Unfunded liabilities and the investment smokescreen
February 16, 2015 12:00 AM
The Feb. 6 article “Unfunded Pension Liabilities Up for City” says our city’s “unfunded liabilities increased because of a lowering in expected investment returns.” If you think about it for a minute, this makes no sense.
The unfunded liability is just the difference between the value of the promises that have been made to city employees less the value of the city’s pension-fund assets. The value of the promises is pretty easy to figure out. This is the amount that we’d have to pay Warren Buffett to agree to make good on the promises. The value of the assets is even easier to figure out. Just look at the city’s brokerage statement! According to the article, there is $672 million in the account. OK. Now just take the Warren Buffett amount, subtract $672 million and there you have it, the unfunded liability.
But wait a minute.
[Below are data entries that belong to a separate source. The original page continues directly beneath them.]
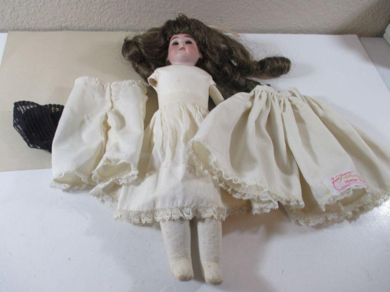Antique Bisque “German Doll with Kid Body Unknown 12" (For Repair or Parts Only) Fixer Upper
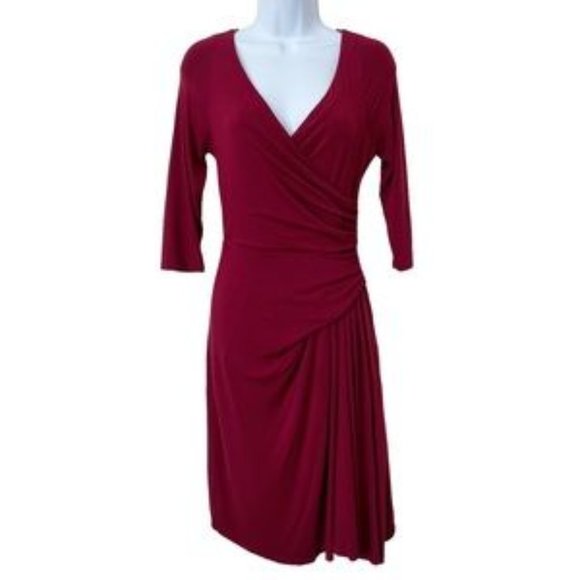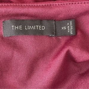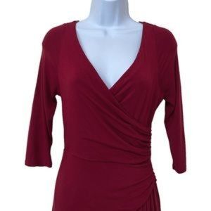 The Limited Faux Wrap Dress XS Womens Burgundy Gathered Draped Waist V Neck
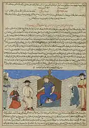 - Turkic amir with guards in Maqamat al-Hariri, wearing the sharbush headgear, the three-quarters length robe, and boots, at Rayy, Iran, 1227.[113][114]
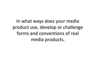 The student researched real newspaper conventions like masthead styles and front page content when developing their media product. For the masthead, they used a bold red font that was different from the typical "Times New Roman". Advertisements were placed beside the masthead to avoid drawing attention away from the content. The main article used a dark headline font and image to set a serious tone, following real newspaper conventions. Advertisements were included throughout and focused on local businesses to be relevant to the target audience. The layout and variety of advertisements matched a real local newspaper for clear reading.
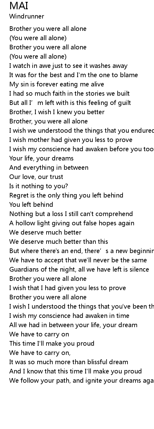 | [00:30.409] | Brother you were all alone |
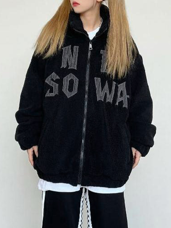 Sexy Hot Girl Pelzkragen Brief Print Langarm
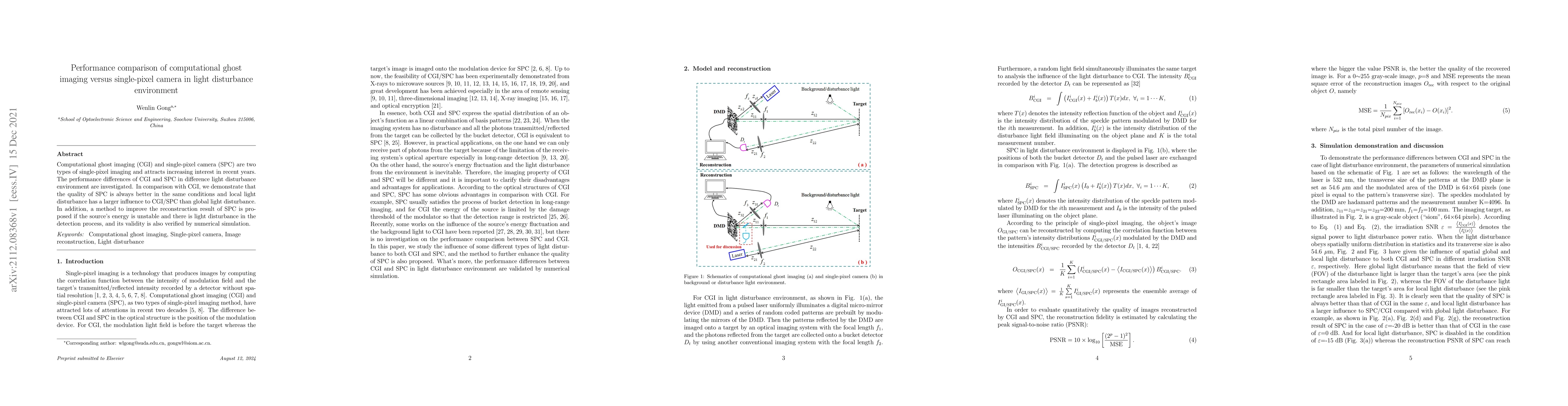 This paper compares the performance of computational ghost imaging (CGI) and single-pixel camera (SPC) under varying light disturbance conditions, showing that SPC consistently outperforms CGI. It also proposes a method to enhance SPC reconstruction in unstable light environments, validated by numerical simulation.
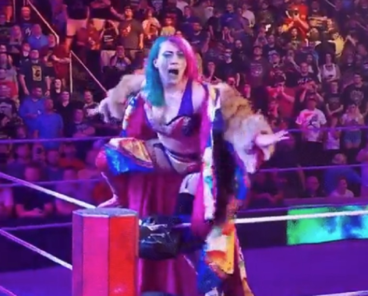 As she was in the middle of her ran, Asuka’s music played and she came out. It’s been two years since they met face to face on WWE TV.
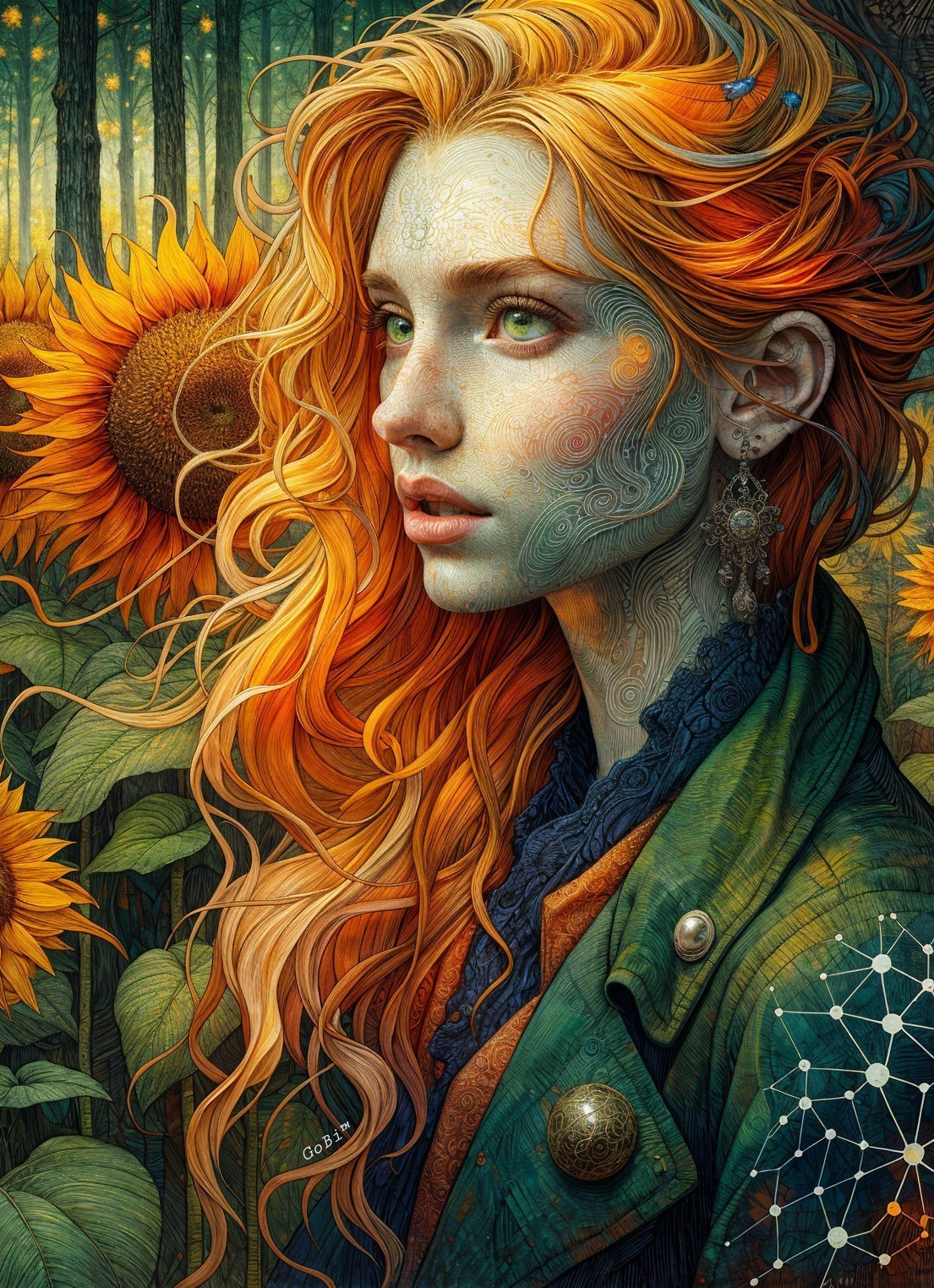 Turquoise Hair in a Sunflower Dream

What happened to the “expected investment returns”? They are a smokescreen, all too often used to cover up what some people don’t want you to know. They depend on how the $672 million is invested, not how much is invested.
If the $672 million is in stocks, then the expected returns are high, but so is the risk that this might turn into $572 million. If the money is in bonds, then the expected returns are low, but there’s less risk. But no matter how the money is invested, $672 million is worth — wait for it —$672 million! This all seems pretty obvious.
But it’s also both interesting and important. This is interesting because people with a vested interest in understating the unfunded liability often make the fallacious argument that higher expected returns on the assets reduces the size of the unfunded liability. If this is true, then either $672 million is worth $772 million, or Warren Buffett is a sucker. Why is this important? Ask the city employees of Detroit.
CHRIS TELMER Squirrel Hill
The writer is associate professor of financial economics, Tepper School of Business, Carnegie Mellon University.